[[ The data open ]]
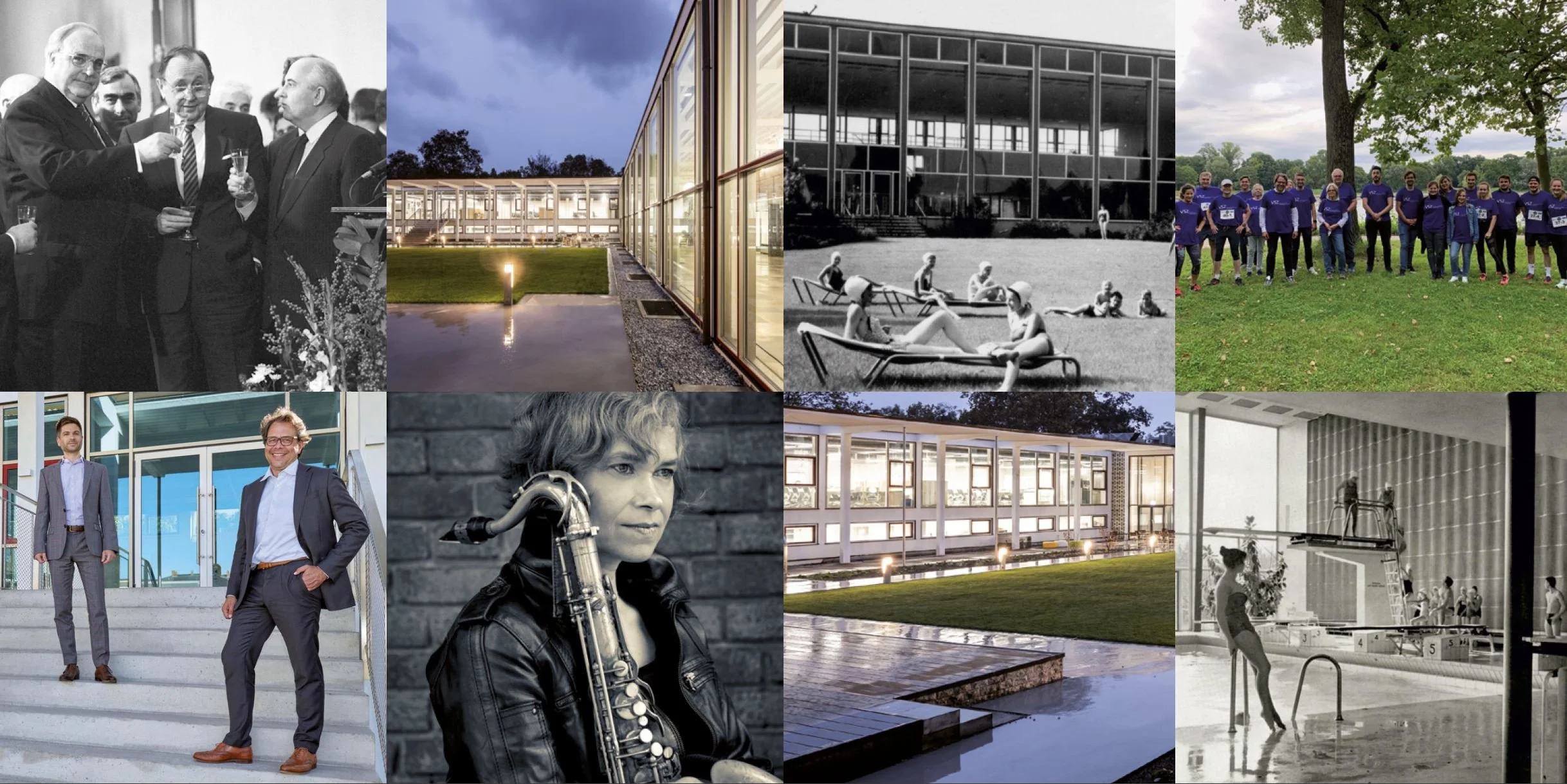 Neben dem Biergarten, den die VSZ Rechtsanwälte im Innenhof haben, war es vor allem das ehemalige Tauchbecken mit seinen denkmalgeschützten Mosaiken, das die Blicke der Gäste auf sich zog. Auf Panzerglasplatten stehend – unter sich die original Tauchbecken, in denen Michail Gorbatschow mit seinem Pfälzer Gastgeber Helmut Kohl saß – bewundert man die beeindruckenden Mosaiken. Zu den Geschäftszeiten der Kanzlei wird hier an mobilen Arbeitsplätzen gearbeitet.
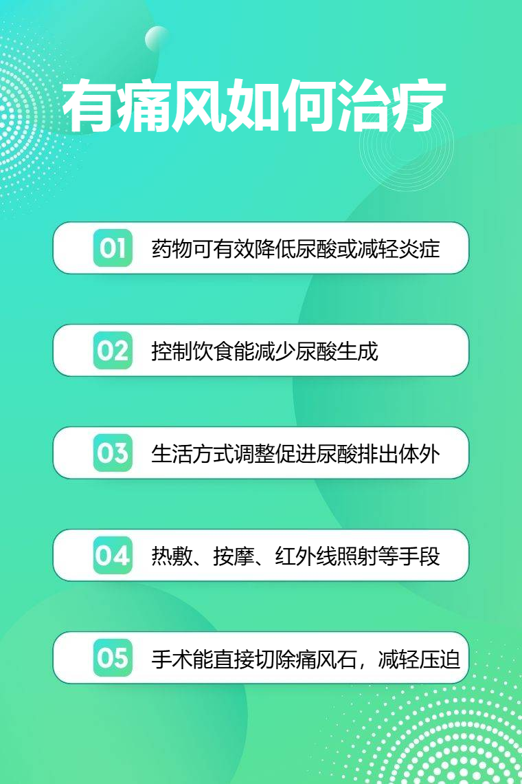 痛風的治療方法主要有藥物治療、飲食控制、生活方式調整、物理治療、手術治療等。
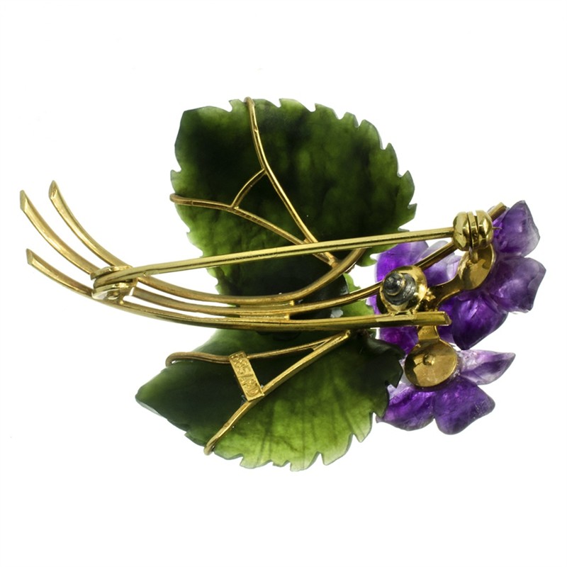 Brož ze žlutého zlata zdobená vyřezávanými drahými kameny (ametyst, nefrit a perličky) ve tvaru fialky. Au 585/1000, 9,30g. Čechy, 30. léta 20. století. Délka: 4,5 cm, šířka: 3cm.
[[ The data closed ]]
* **Instructions for the task**: Only the lines from the one containing "痛風的治療方法主要有藥物治療、飲食控制、生活方式調整、物理治療、手術治療等。" through the last line of the data above, both included, belong in the reply, each restated exactly and without pictures.

* **Written reply**:
 痛風的治療方法主要有藥物治療、飲食控制、生活方式調整、物理治療、手術治療等。
 Brož ze žlutého zlata zdobená vyřezávanými drahými kameny (ametyst, nefrit a perličky) ve tvaru fialky. Au 585/1000, 9,30g. Čechy, 30. léta 20. století. Délka: 4,5 cm, šířka: 3cm.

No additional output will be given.